Arizona Public Service's Four Corners No. 4 unit, down earlier in the week for scheduled maintenance, returned to about half its 750 MW capacity on Wednesday. Duke's 337 MW Morro Bay No. 3 unit is still off line. Pacific Gas & Electric's 260 MW La Paloma No. 4 plant, out of service for most of the week, returned to the market for Friday.
Prices at several Western hubs broke through 50 mills/KWh, with Mid-Columbia the exception. Peak power at Mid-C fetched as much as 48.95 mills and supplies at the California-Oregon border drew up to 50 mills/KWh. Heavy-load prices at SP15 outpaced other hubs at a high of 55.5 mills/KWh. Premiums at NP15 ranged from 46 mills to 53.75 mills/KWh, and peak prices at Palo Verde climbed to 54 mills/KWh.
By Friday, off-peak prices streaked to almost 50 mills/KWh, rising between 5 mills and 9 mills/KWh from Thursday trades.
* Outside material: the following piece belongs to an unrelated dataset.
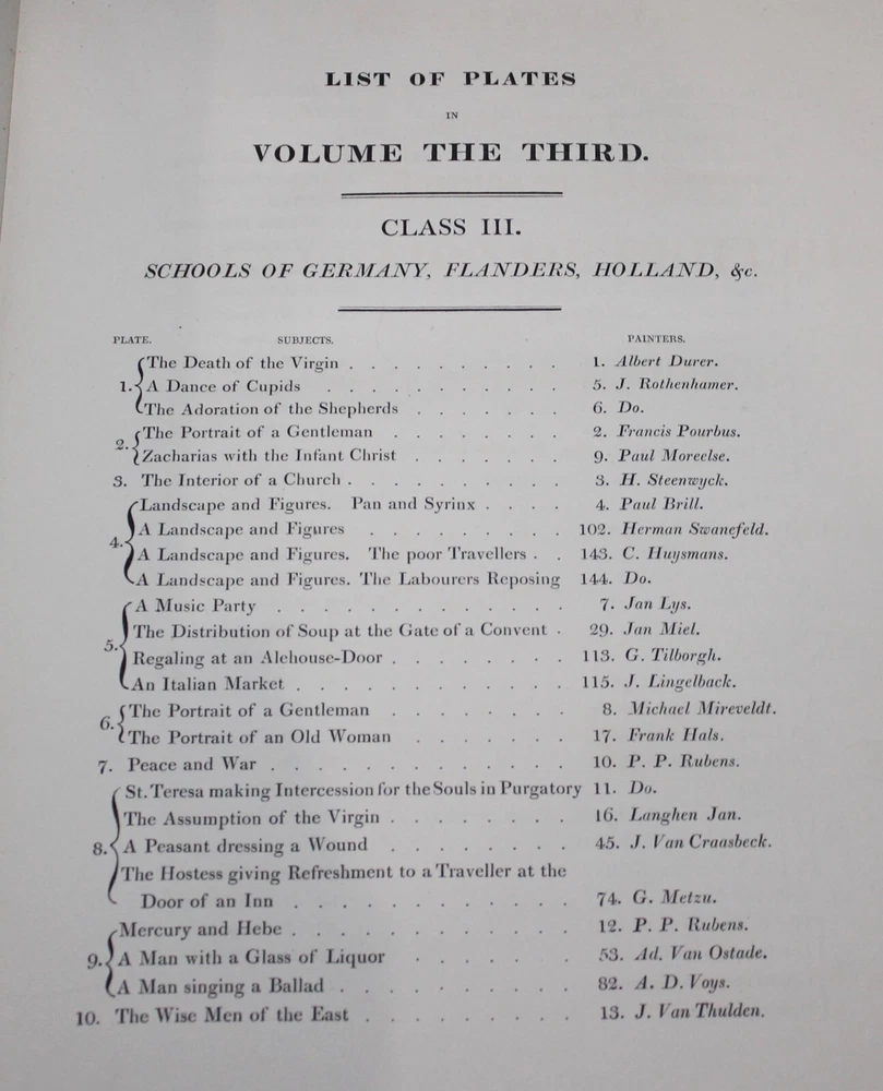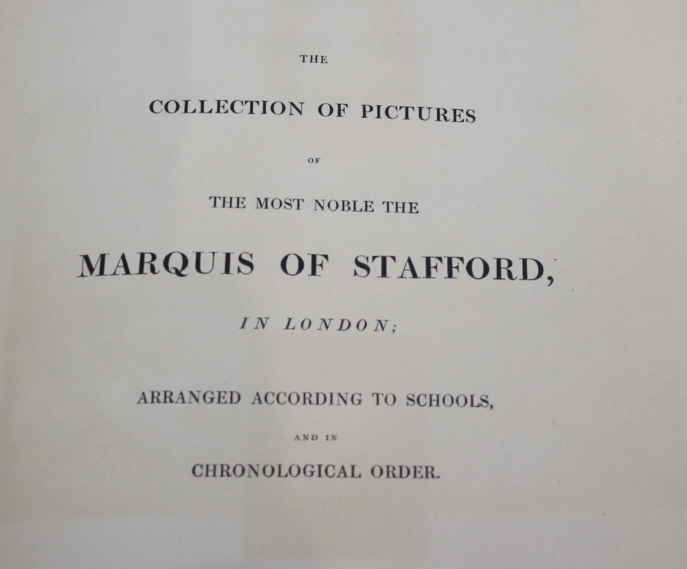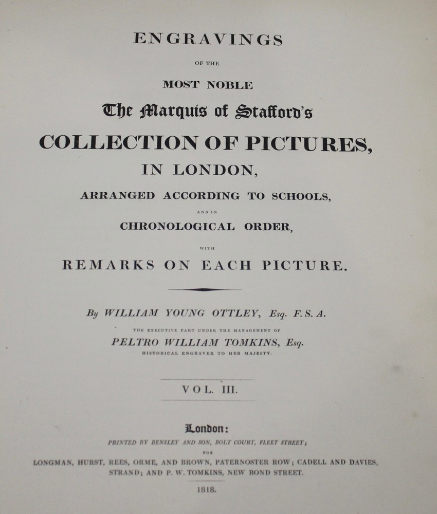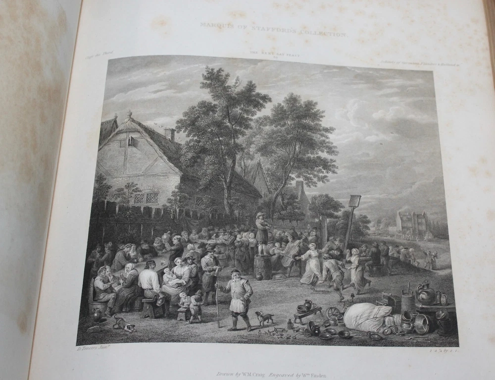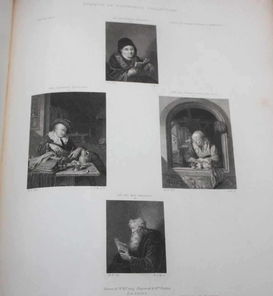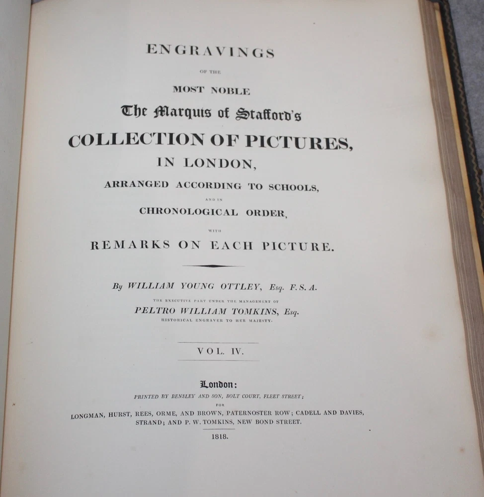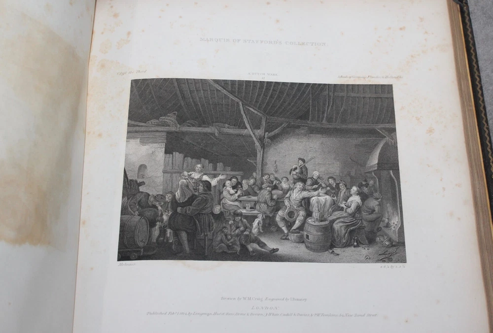 YOU ARE BIDDING ON A RARE MARQUIS OF STAFFORD'S COLLECTION OF PICTURES 1818 LEATHER BOUND VOL III-IV. IT IS IN NICE CONDITION FOR ITS AGE AND IS COMPLETE UNTO ITSELF. IT IS VOLUMES III & IV. THE LEATHER SHOWS SOME SCUFFING AND EDGE WEAR. THE FIRST PAGE OR TWO ARE LOOSE. THERE IS FOXING SOME THROUGHOUT THE BOOK. PLEASE LOOK AT ALL PHOTOS AND ASK ANY QUESTIONS YOU MAY HAVE. REMEMBER THAT I SELL MOSTLY ANTIQUE AND VINTAGE ITEMS AND THAT THEY ARE MOSTLY LIKELY NOT BE PERFECT DO TO THE NATURE OF THEIR AGE. IF YOU HAVE A PROBLEM PLEASE CONTACT ME BEFORE LEAVING FEEDBACK.

Mid-Columbia prices soared to 47.5 mills, and COB premiums rumbled to 49.5 mills/KWh.
At the Alberta power pool, real-time prices held steady, despite a spike to 315.64 mills for one peak hour and a sky-high 223.59 mills/KWh for one off-peak hour. Loads were fairly moderate, ranging from about 6,400 MW to approximately 8,100 MW [Jason Mihos].
Gas Gunning for Six-Dollar Range
February has rolled in with a chill and an appetite for stored gas, and traders rode those conditions all the way to the bank this week. Prices for bilateral deals were well above $5/MMBtu at several Western hubs, and gas at the Permian Basin traded for as much as $6.02/MMBtu on Friday. NYMEX futures also traded higher throughout the week, keeping spot prices on the rise.
Strangely, gas prices backed off somewhat on Thursday, when the Energy Information Administration reported that supplies in storage had decreased by 208 Bcf compared to the previous week. Nationwide, gas stocks totaled 1,521 Bcf, a steep drop from the 2,332 Bcf on hand for the same period in 2002.
By Friday, prices resumed their climb.
At the San Juan Basin, prices did not keep up with neighboring Permian but were active in their own right, trading between $4.57 and $5.25/MMBtu. Gas at the Southern California border was priced over $5 for most of the week, dipping to $4.90 and running up to $5.45/MMBtu.
Prices had another strong week at Pacific Gas & Electric's CityGate, moving from $5.10 to $5.44/MMBtu. Malin gas peaked at $5.27/MMBtu.
Supplies at the AECO hub in Canada eclipsed $5 briefly midweek but mostly traveled between $4.70 and $4.90/MMBtu [J. M.].